Bulk micromachining (BMM) describes the fabrication process of a device taking advantage of all three space dimensions. In most applications single crystalline silicon is used as bulk material. The excellent electrical and mechanical properties make it a desirable material in MEMS and have led to a focus on the development of different machining technologies.
In order to structure silicon, two basic methods are used: wet chemical etching and dry etching. The wet chemical etching is performed by anisotropic etchants, such as KOH and TMAH. Both chemicals show different etch rates depending on the crystal structure, whereas the etch rate in <100> direction is much higher than in <111> direction. Geometric limitation of etch holes is possible by this property. The depth of an etch hole in the <100> direction is usually controlled by time or by a functional layer respectively a pn-junction. TMAH etchants are alkaline ion free and are, therefore, highly compatible with CMOS-processes. Thus, they can be integrated in an additive process to an IC fabrication. A limiting factor in the design flexibility of wet chemical etching is the fixed angle of the silicon sidewalls <111>.

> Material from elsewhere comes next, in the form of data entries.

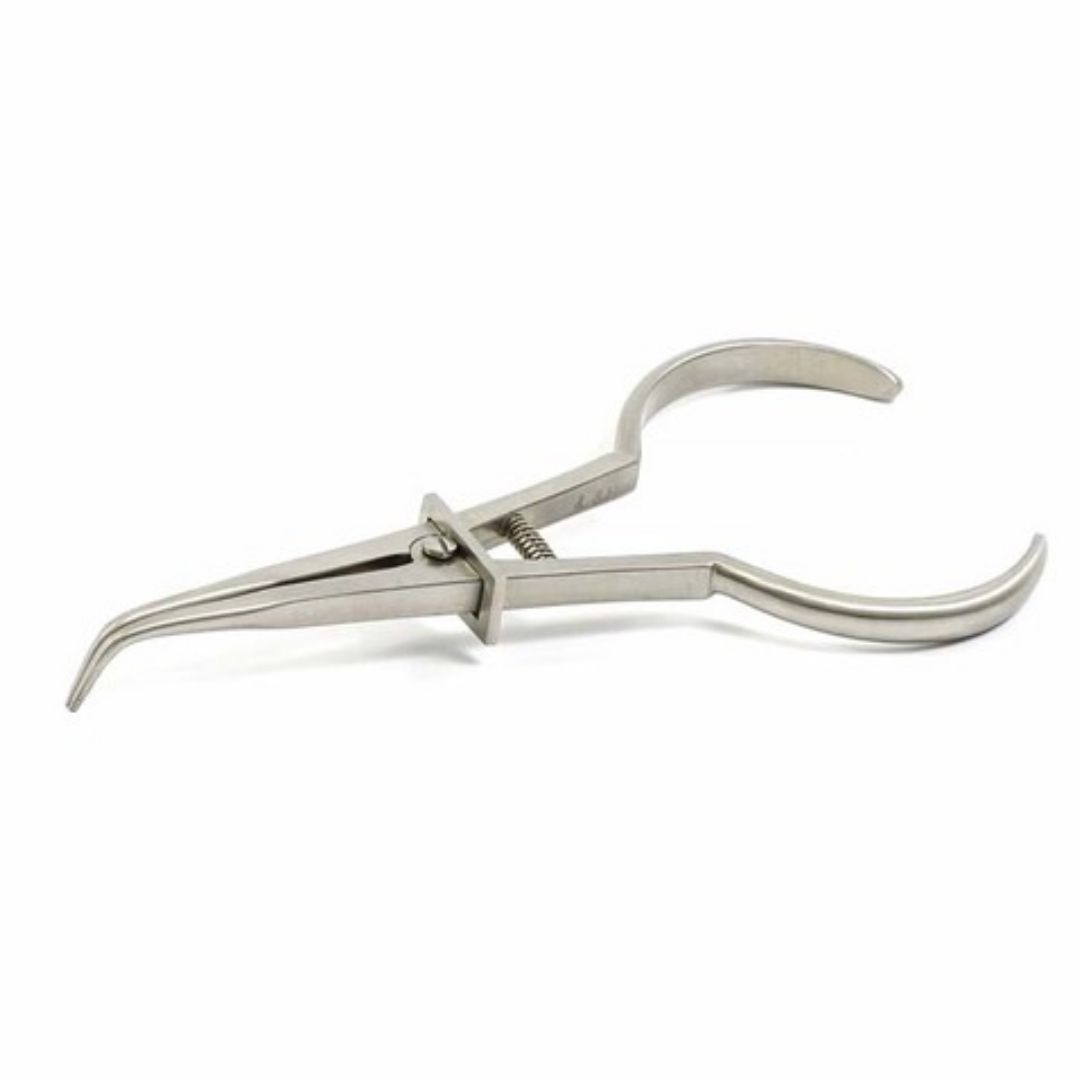 Instrumento odontológico indicado para conduzir e abrir grampos durante procedimentos de isolamento absoluto, facilitando a colocação do grampo no dente com maior precisão e controle clínico.
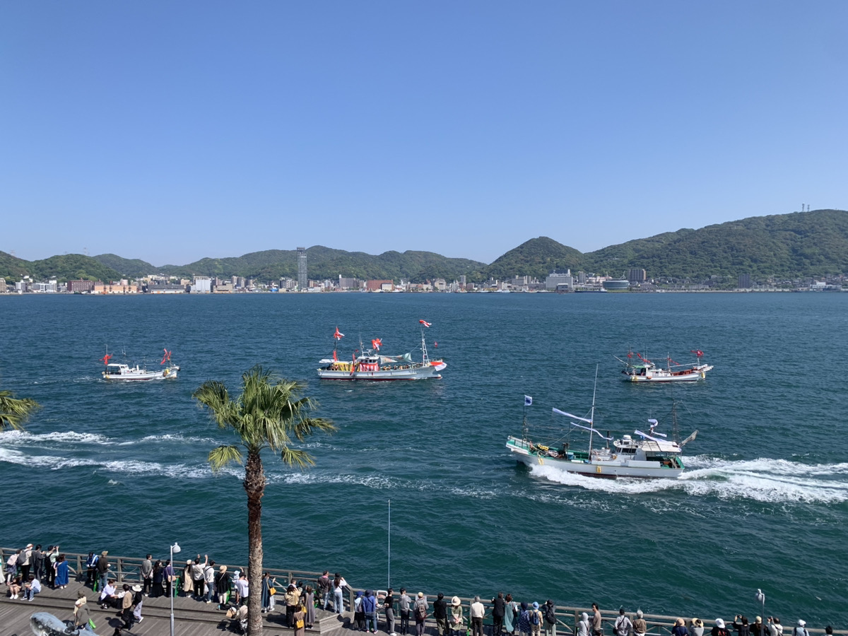 (5月3日に開催された「しものせき海峡まつり」の源平船合戦の様子)水天宮には、寿永4年に壇ノ浦の戦いで敗れて入水した女官たちが大積の乙女山の浜辺に流れ着き、里の人々が葬って石碑を建てたと伝えられています。
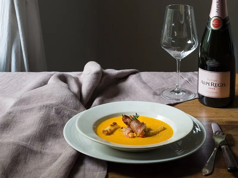Una bottiglia di Rotari AlpeRegis Rosé e una vellutata di carote con gamberi e gola è tutto quello che serve per una cena perfetta! Sonia Paladini ci spiega la sua ricetta realizzata per Rotari.
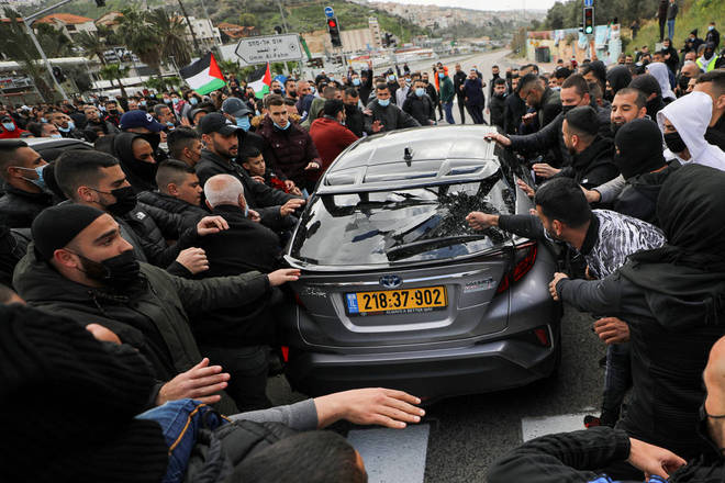 Manifestantes quebra a janela de um carro que passava durante um protesto contra uma onda de violência policial em comunidades na cidade de Umm el Fahm, no norte de Israel
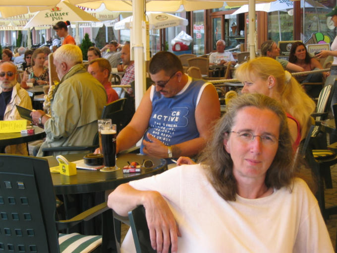 18.7. Reger Betrieb in den Kneipen an der Hafenpromenade in Waren
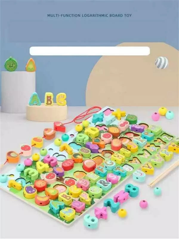 Головна > Каталог > Іграшки > Деревяні іграшки > Логічна дерев’яна дошка C 67048 (20) літери та назви продуктів англійською, сортер, цифри, шнурівка, кульки, палички, в коробці оптом
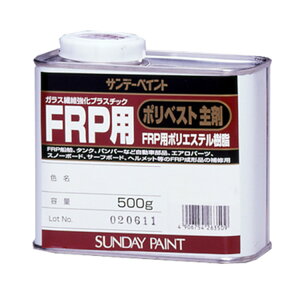 【用途】 FRP形成品の補修・作成等。 【特徴】 ポリエステル樹脂(主剤)のことでガラスマットなどのガラス繊維と併用し硬化剤を添加、硬化させることでFRPになります。 【仕様】 ●カラー:アメ色。 ●容量:500g。 ●塗面積:約0....
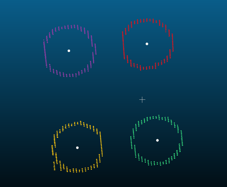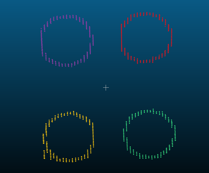 - 对边缘点云,进行欧式聚类(pcl的EuclideanClusterExtraction),根据聚类的最大点数限制去掉了四周边缘点,同时得到4个圆孔的边缘点云。

There is a trend in microsensor and microsystem development to increase the aspect ratio of the device as high as possible. Higher aspect ratios result in better device performance, for example, by increasing device sensitivity, increasing the signal-to-noise ratio, and increasing the micro-actuator force. In wet chemical etching process, the silicon is etched preferentially along a certain silicon crystal plane and very high aspect ratios cannot be achieved.
Dry plasma etch processing (DRIE), capable of delivering such high aspect ratios, is required to maintain a high etch rate and vertical profile inside the high aspect ratio structure. If such features are closely packed, the undercut must be controlled tightly to prevent the adjacent features from merging into one another.